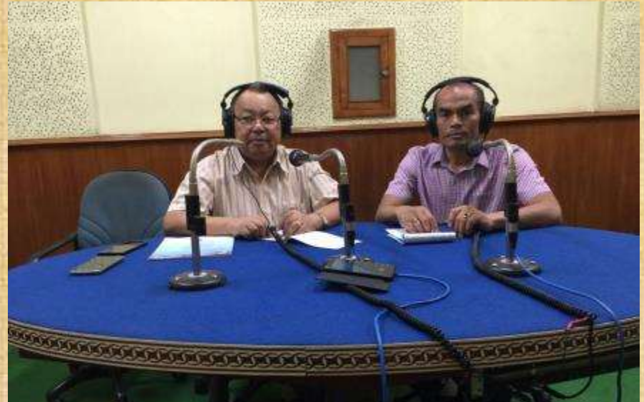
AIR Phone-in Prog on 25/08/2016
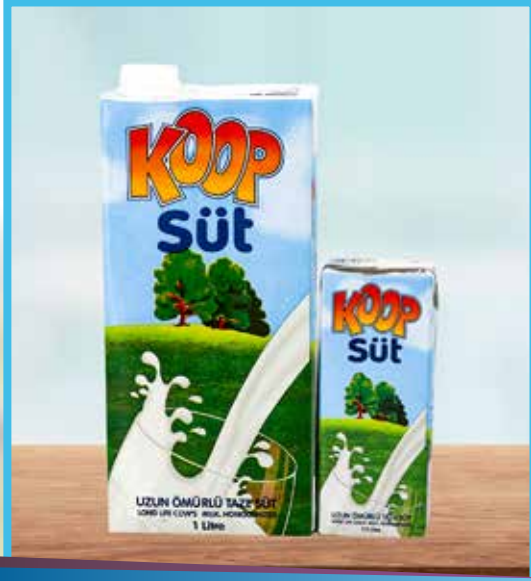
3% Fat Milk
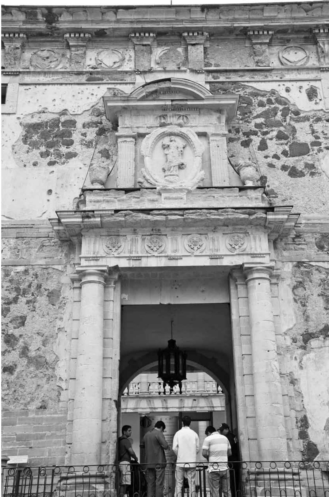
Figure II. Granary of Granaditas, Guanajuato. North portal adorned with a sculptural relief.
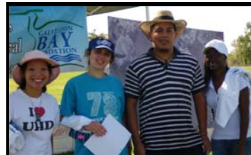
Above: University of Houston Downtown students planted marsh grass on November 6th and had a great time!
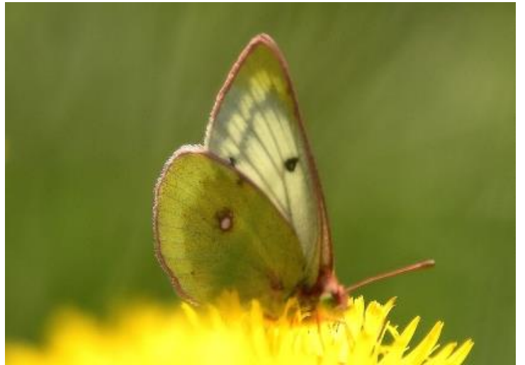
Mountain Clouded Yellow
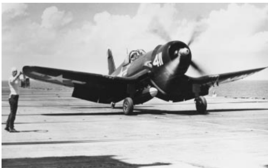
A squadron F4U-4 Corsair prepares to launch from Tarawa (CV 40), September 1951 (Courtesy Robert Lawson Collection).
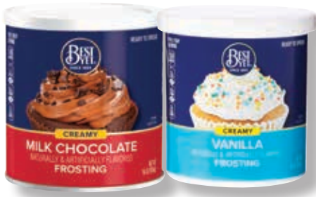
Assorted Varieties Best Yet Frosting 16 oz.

---

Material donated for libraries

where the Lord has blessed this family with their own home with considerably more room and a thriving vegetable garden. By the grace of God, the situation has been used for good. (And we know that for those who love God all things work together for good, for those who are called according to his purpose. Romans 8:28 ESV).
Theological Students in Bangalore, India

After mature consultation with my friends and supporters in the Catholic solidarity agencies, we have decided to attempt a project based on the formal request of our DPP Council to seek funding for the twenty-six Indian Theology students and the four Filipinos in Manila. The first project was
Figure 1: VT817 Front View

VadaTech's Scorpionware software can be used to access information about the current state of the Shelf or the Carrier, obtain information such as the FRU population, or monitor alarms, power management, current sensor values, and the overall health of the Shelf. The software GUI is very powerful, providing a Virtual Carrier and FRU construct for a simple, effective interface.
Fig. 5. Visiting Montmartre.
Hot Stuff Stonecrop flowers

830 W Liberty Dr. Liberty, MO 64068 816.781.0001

==

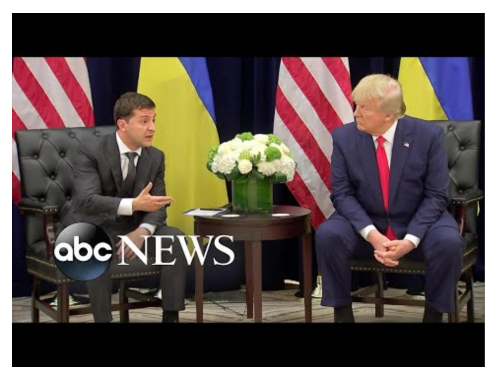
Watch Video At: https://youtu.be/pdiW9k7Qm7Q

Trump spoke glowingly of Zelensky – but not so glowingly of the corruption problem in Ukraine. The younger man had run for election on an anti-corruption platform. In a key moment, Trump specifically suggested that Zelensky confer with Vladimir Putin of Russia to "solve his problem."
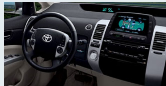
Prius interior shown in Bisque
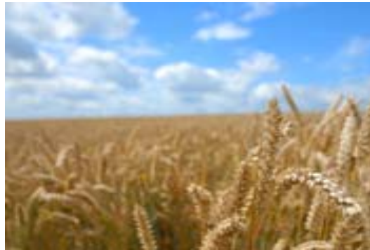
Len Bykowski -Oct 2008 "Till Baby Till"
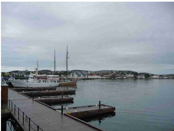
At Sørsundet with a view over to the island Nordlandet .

#### [Work instruction]
Take each line in the listing that has the word "used" and copy it.

#### [Response to this exercise]
where the Lord has blessed this family with their own home with considerably more room and a thriving vegetable garden. By the grace of God, the situation has been used for good. (And we know that for those who love God all things work together for good, for those who are called according to his purpose. Romans 8:28 ESV).
VadaTech's Scorpionware software can be used to access information about the current state of the Shelf or the Carrier, obtain information such as the FRU population, or monitor alarms, power management, current sensor values, and the overall health of the Shelf. The software GUI is very powerful, providing a Virtual Carrier and FRU construct for a simple, effective interface.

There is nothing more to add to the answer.